Redhat 5.5, SF 5.1, EMC Clariion Disk with multipath.


Solution



If the problem is repeatable, then enable kdump and load crash and kernel debug rpms on your machine.  In this example we are running Red Hat Enterprise Linux Server release 5.5 (Tikanga).  Verify that you have kernel headers, kernel-debuginfo-common and kernel-debuginfo, kdump and crash:


kernel-2.6.18-194.el5
kernel-headers-2.6.18-194.el5
kernel-devel-2.6.18-194.el5
crash-4.1.2-4.el5
system-config-kdump-1.0.14-4.el5
kernel-debuginfo-common-2.6.18-194.el5
kernel-debuginfo-2.6.18-194.el5
 

Some of these RPMs are on the install disk, others must be downloaded from RedHat at: ftp://ftp.redhat.com/pub/redhat/linux/enterprise/5Server/en/os/x86_64/Debuginfo/

For kernel-debug and kernel-debug-common rpms.

 First, configure kdump.  Few admins seem to do this on linux system, but it can be done with the graphic GUI tool :   /usr/bin/system-config-kdump.  Using this utility will reserve 128 MB from your system memory for the "crash kernel" that does the dump.

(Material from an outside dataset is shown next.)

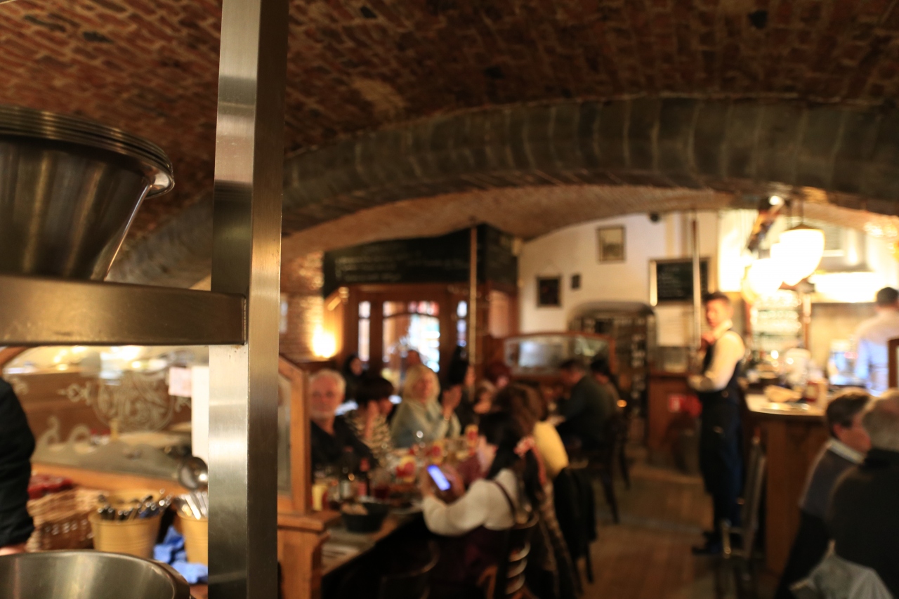 地階とテラス席があります。テラス席からはグランプラスが見渡せますが、4月末と時期的に寒かったため地階の席に座りました。

Add or modify /etc/sysctl.conf to add these parameters:

...

# Controls the System Request debugging functionality of the kernel
kernel.sysrq = 1

# Enable auto system reboot after system crash
kernel.panic = 60
...

Set these parameters interactivly on the OS command line if desired:

[]# sysctl -w kernel.sysrq=1
[]# sysctl -w kernel.panic=60
 

-----  After the Crash ----

In this test case, the panic problem was recreated and the system core was written to /var/crash/<date:time>/vmcore.  Crash analysis can begin with the following command:

# crash /boot/System.map-2.6.18-194.el5 /usr/lib/debug/lib/modules/2.6.18-194.el5/vmlinux ./vmcore 
 

This shows that the last command issued was the OS "vol_id" command.  (This information is shown by default when the utility is run.)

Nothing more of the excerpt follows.